[THE DATA]
• • • • •

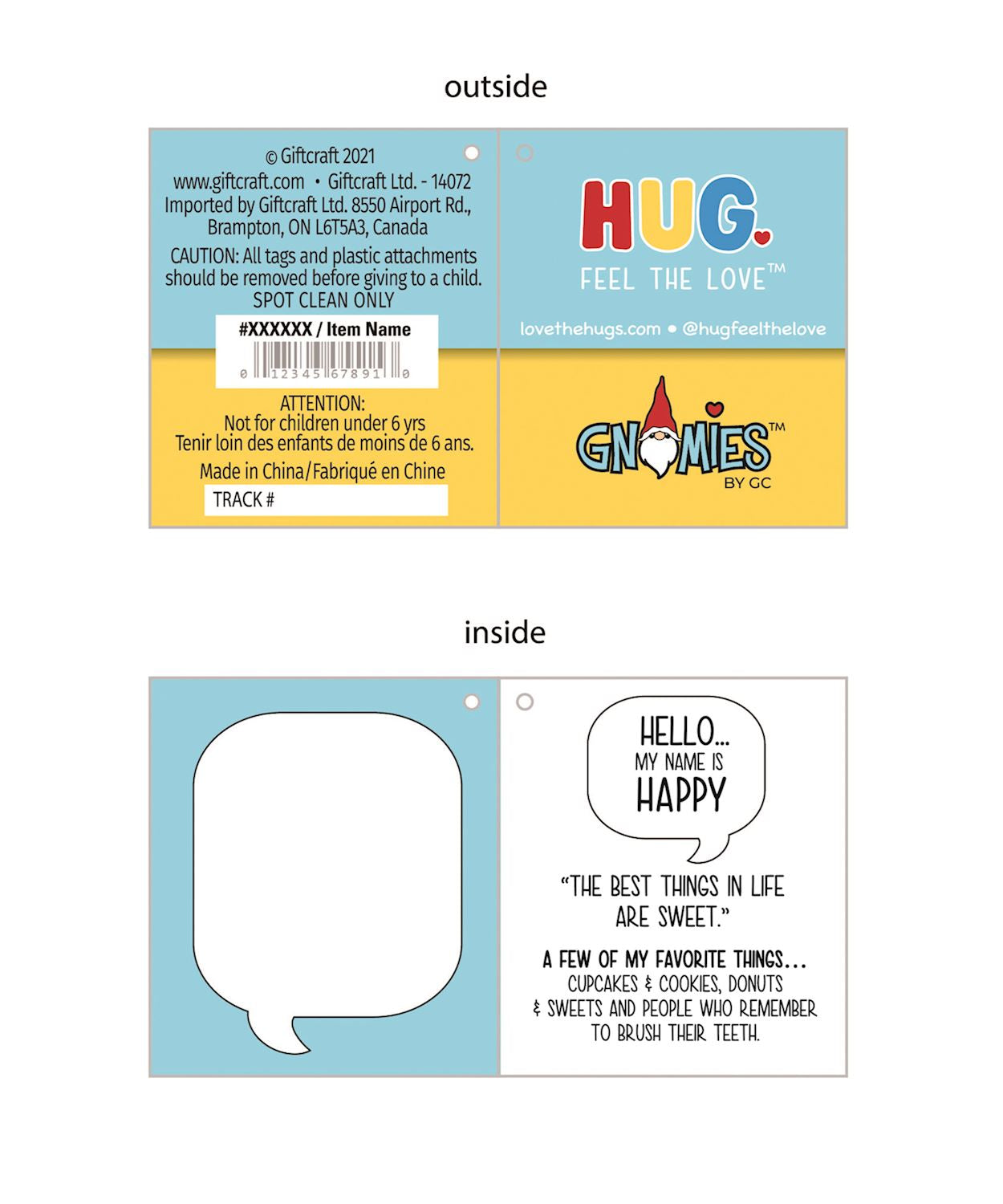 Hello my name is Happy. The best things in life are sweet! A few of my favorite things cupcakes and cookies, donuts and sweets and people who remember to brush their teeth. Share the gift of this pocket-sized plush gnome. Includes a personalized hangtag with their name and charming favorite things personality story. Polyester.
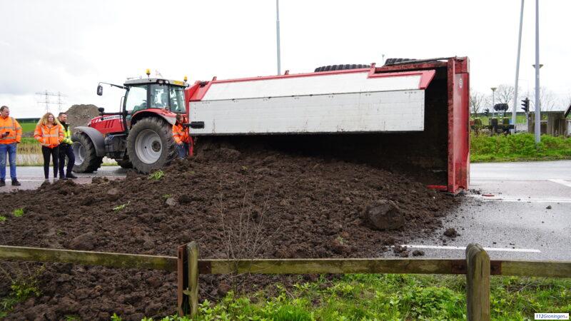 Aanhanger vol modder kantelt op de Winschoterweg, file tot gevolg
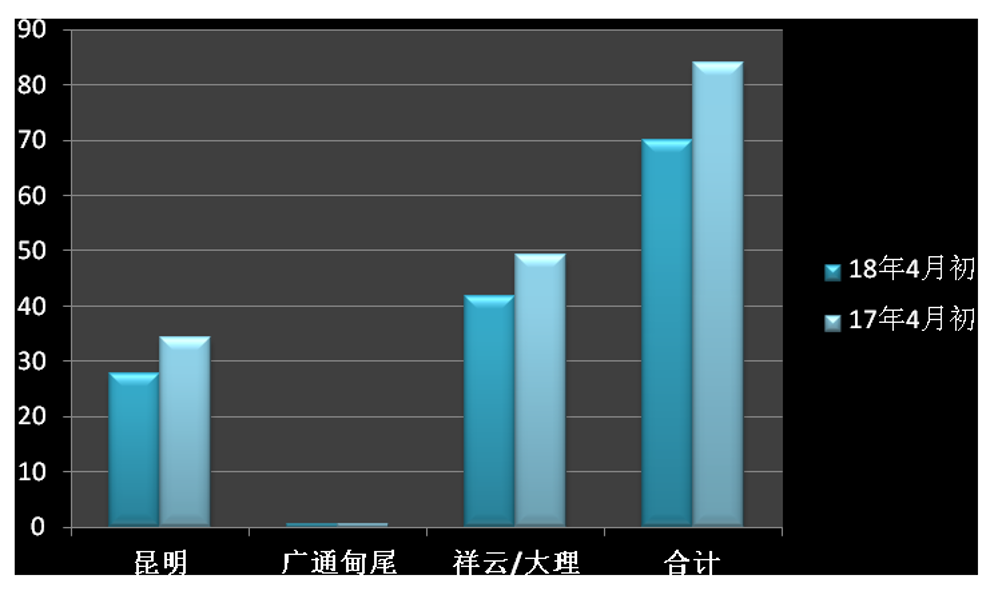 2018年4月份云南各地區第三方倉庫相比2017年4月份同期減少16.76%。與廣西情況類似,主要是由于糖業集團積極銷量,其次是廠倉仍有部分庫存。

• • • • •

[REQUIRED WORK] Would you output the data above exactly as written, but with no images?

[FINAL ANSWER]
 Hello my name is Happy. The best things in life are sweet! A few of my favorite things cupcakes and cookies, donuts and sweets and people who remember to brush their teeth. Share the gift of this pocket-sized plush gnome. Includes a personalized hangtag with their name and charming favorite things personality story. Polyester.
 Aanhanger vol modder kantelt op de Winschoterweg, file tot gevolg
 2018年4月份云南各地區第三方倉庫相比2017年4月份同期減少16.76%。與廣西情況類似,主要是由于糖業集團積極銷量,其次是廠倉仍有部分庫存。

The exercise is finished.